### TASK MATERIAL:
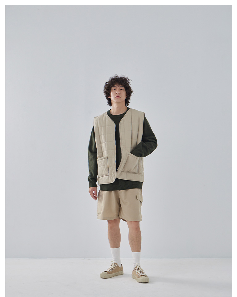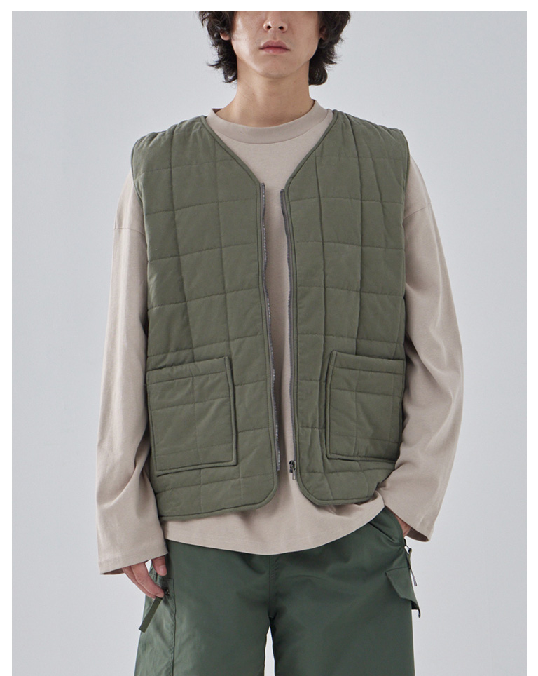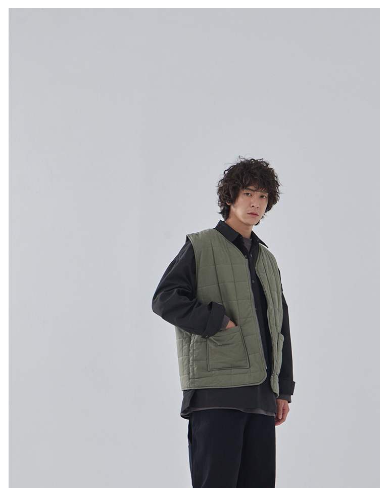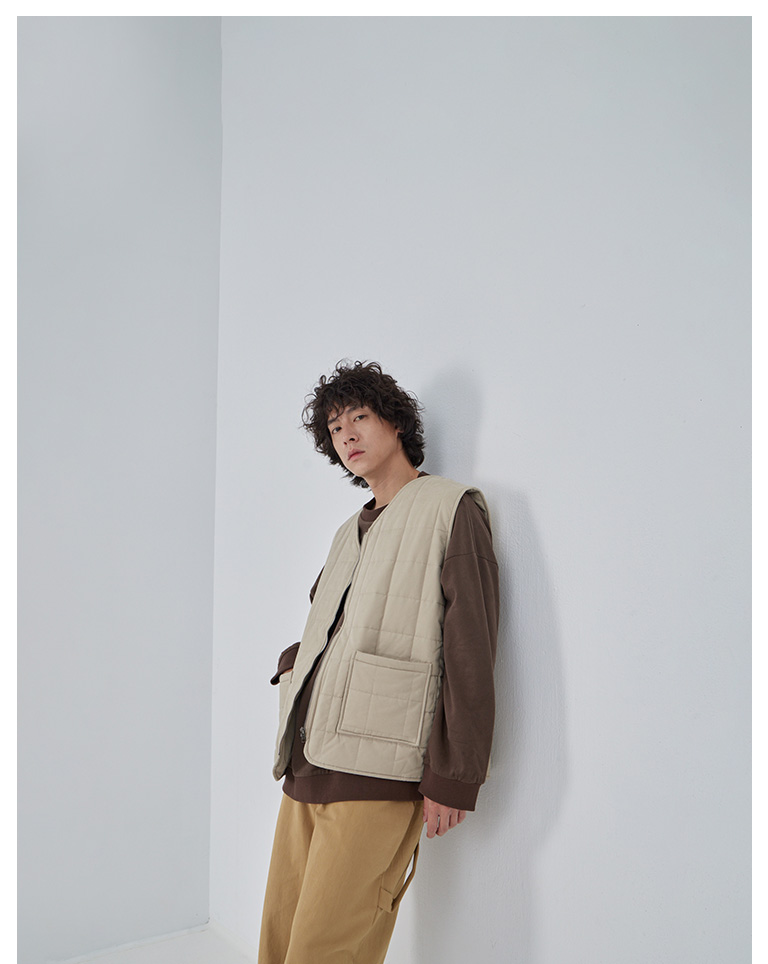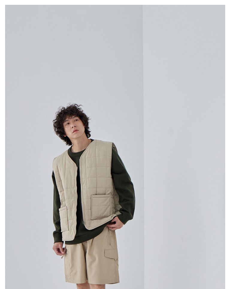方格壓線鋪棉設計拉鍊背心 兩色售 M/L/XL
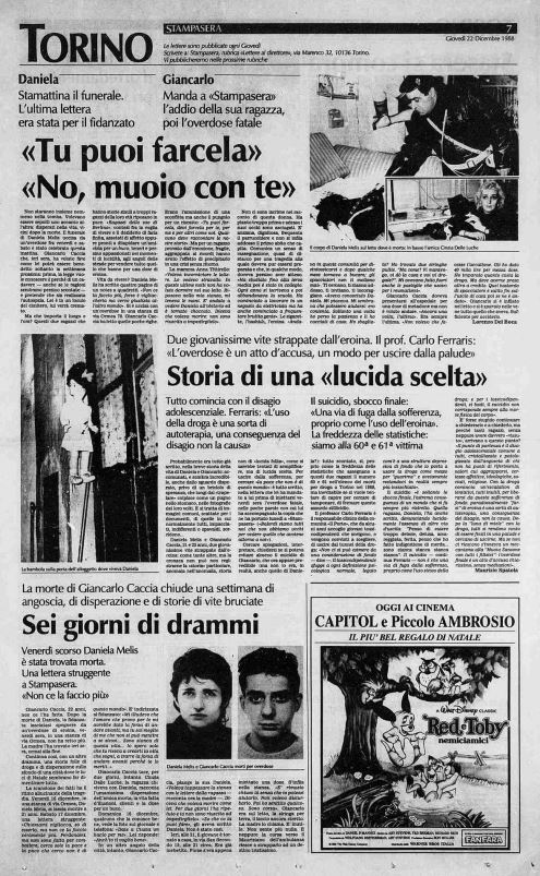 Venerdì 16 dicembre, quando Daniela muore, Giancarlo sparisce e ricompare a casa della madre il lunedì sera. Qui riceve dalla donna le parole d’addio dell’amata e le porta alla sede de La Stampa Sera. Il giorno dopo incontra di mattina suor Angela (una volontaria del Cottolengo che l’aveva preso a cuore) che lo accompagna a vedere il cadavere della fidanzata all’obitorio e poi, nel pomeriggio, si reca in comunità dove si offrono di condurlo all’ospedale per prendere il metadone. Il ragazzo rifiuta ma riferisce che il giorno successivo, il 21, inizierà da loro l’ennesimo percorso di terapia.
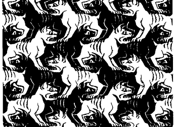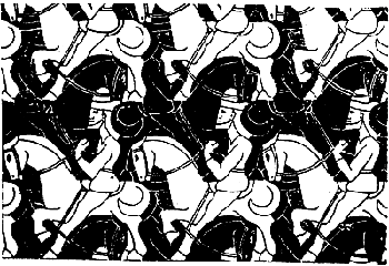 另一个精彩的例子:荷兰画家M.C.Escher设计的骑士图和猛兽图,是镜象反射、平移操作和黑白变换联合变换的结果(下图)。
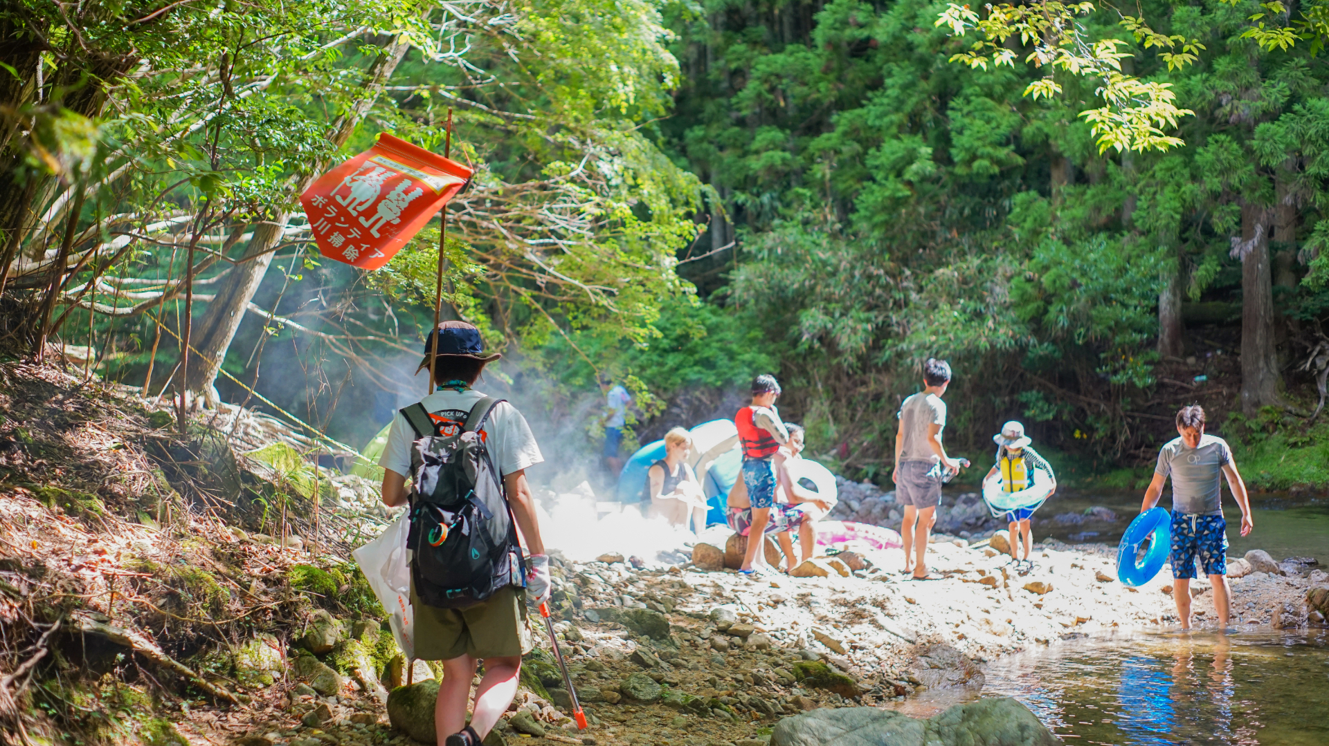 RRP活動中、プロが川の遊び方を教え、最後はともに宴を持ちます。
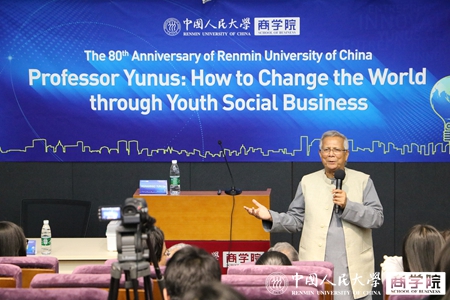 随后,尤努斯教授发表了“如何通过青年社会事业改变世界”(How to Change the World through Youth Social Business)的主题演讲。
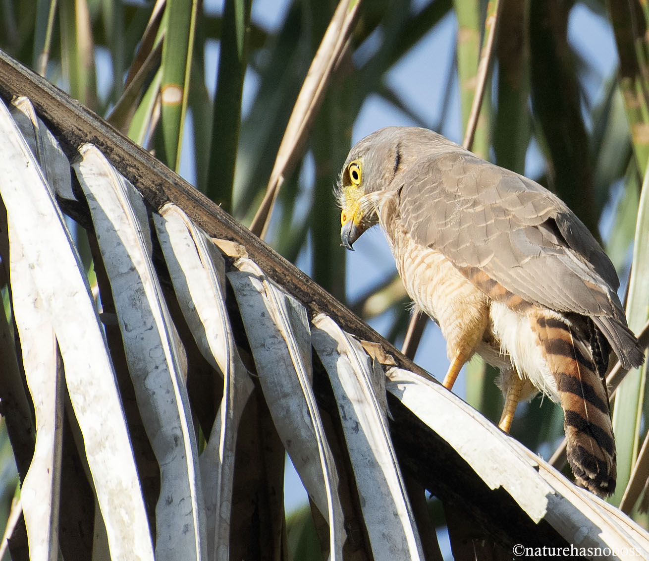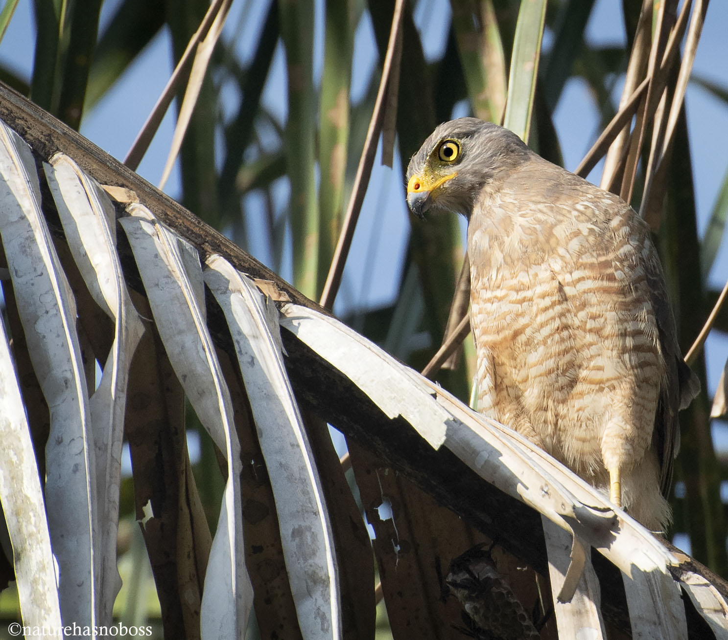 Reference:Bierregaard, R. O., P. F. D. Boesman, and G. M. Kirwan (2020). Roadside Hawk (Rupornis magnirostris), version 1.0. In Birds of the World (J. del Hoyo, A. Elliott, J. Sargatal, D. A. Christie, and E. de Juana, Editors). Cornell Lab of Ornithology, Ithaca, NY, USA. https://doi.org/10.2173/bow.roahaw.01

### EXERCISE INSTRUCTIONS:
From the first line to the last, repeat the data above exactly and leave the pictures out.

### RESPONSE:
方格壓線鋪棉設計拉鍊背心 兩色售 M/L/XL
 Venerdì 16 dicembre, quando Daniela muore, Giancarlo sparisce e ricompare a casa della madre il lunedì sera. Qui riceve dalla donna le parole d’addio dell’amata e le porta alla sede de La Stampa Sera. Il giorno dopo incontra di mattina suor Angela (una volontaria del Cottolengo che l’aveva preso a cuore) che lo accompagna a vedere il cadavere della fidanzata all’obitorio e poi, nel pomeriggio, si reca in comunità dove si offrono di condurlo all’ospedale per prendere il metadone. Il ragazzo rifiuta ma riferisce che il giorno successivo, il 21, inizierà da loro l’ennesimo percorso di terapia.
 另一个精彩的例子:荷兰画家M.C.Escher设计的骑士图和猛兽图,是镜象反射、平移操作和黑白变换联合变换的结果(下图)。
 RRP活動中、プロが川の遊び方を教え、最後はともに宴を持ちます。
 随后,尤努斯教授发表了“如何通过青年社会事业改变世界”(How to Change the World through Youth Social Business)的主题演讲。
 Reference:Bierregaard, R. O., P. F. D. Boesman, and G. M. Kirwan (2020). Roadside Hawk (Rupornis magnirostris), version 1.0. In Birds of the World (J. del Hoyo, A. Elliott, J. Sargatal, D. A. Christie, and E. de Juana, Editors). Cornell Lab of Ornithology, Ithaca, NY, USA. https://doi.org/10.2173/bow.roahaw.01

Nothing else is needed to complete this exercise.